No último mês de abril, o Governo Central, que compreende o Tesouro Nacional, a Previdência Social e o Banco Central, registrou um superávit primário de R$ 25,2 bilhões. Este valor representa um crescimento significativo em comparação ao superávit de R$ 18,2 bilhões obtido no mesmo período do ano anterior, em 2025. O resultado foi publicado na quinta-feira, 28 de maio, pelo Tesouro Nacional.
Considerando a inflação, o superávit do último mês teve um aumento real de 32,7%. O Tesouro Nacional informou que, em termos gerais, o saldo conjunto do Tesouro e do Banco Central foi superavitário em R$ 58,3 bilhões, enquanto a Previdência Social (RGPS) teve um déficit de R$ 33,1 bilhões. O crescimento do superávit primário em abril foi impulsionado por um aumento real de 5,8% na receita líquida, que totalizou R$ 12,8 bilhões, e um crescimento de 3,3% nas despesas totais, que somaram R$ 6,6 bilhões.

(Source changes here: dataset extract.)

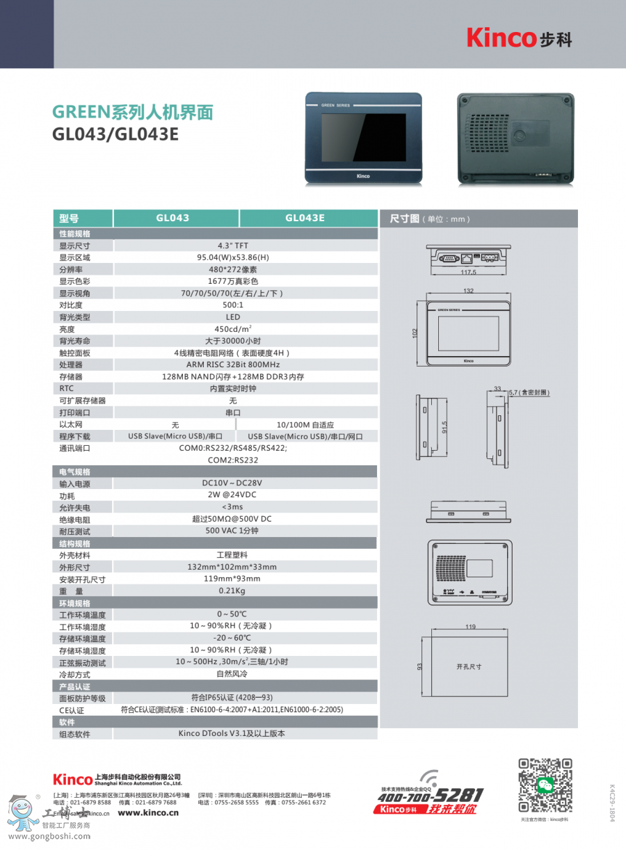 步科GREEN系列人機界面 GL043 4.3寸

Os números de abril superaram as expectativas do mercado financeiro, que, segundo a pesquisa Prisma Fiscal, previa um resultado positivo de apenas R$ 17,8 bilhões. No acumulado do ano, de janeiro a abril, o superávit primário do Governo Central é de R$ 8,7 bilhões, inferior ao superávit de R$ 73,2 bilhões registrado no mesmo período do ano passado, 2025. Essa diferença se deve, em parte, à antecipação do pagamento de precatórios, que em 2026 ocorreu em março, enquanto em 2025 foi registrado em julho.
O superávit primário é um indicador que representa a diferença entre as receitas e gastos do governo, desconsiderando o pagamento dos juros da dívida pública. Para 2026, a meta fiscal é de um superávit primário de 0,25% do PIB, o que equivale a cerca de R$ 34,9 bilhões, excluindo precatórios e outras despesas autorizadas fora do arcabouço fiscal.
As regras fiscais estabelecem um limite de tolerância em relação à meta central, considerando que é cumprida se o governo alcançar um superávit primário de até R$ 57,8 bilhões ou até mesmo zero. Além disso, novas normas permitem a exclusão de até R$ 64,4 bilhões em despesas do cálculo, incluindo precatórios. Apesar dessas exclusões, a previsão oficial do governo aponta para um déficit efetivo de R$ 60,3 bilhões ao longo do ano.
Entre os fatores que contribuíram para o aumento das receitas em abril, destacam-se: R$ 1,1 bilhão (14%) na arrecadação do Imposto de Importação, impulsionado pelo aumento de 9,5% no valor das importações em dólares; R$ 4,8 bilhões (5,7%) no Imposto de Renda, refletindo o crescimento sobre rendimentos de residentes no exterior (38,9%); e R$ 1,8 bilhão (29,5%) com o Imposto sobre Operações Financeiras (IOF), resultado do aumento na arrecadação com operações de câmbio e crédito.
Por outro lado, houve uma queda de R$ 3,3 bilhões (82,4%) na arrecadação com dividendos e participações, principalmente devido à redução dos pagamentos da Caixa, que totalizaram R$ 2,9 bilhões. Além disso, as despesas também apresentaram aumentos, como R$ 3,1 bilhões (3,4%) em benefícios previdenciários e R$ 3,1 bilhões (9,8%) em despesas com pessoal e encargos sociais.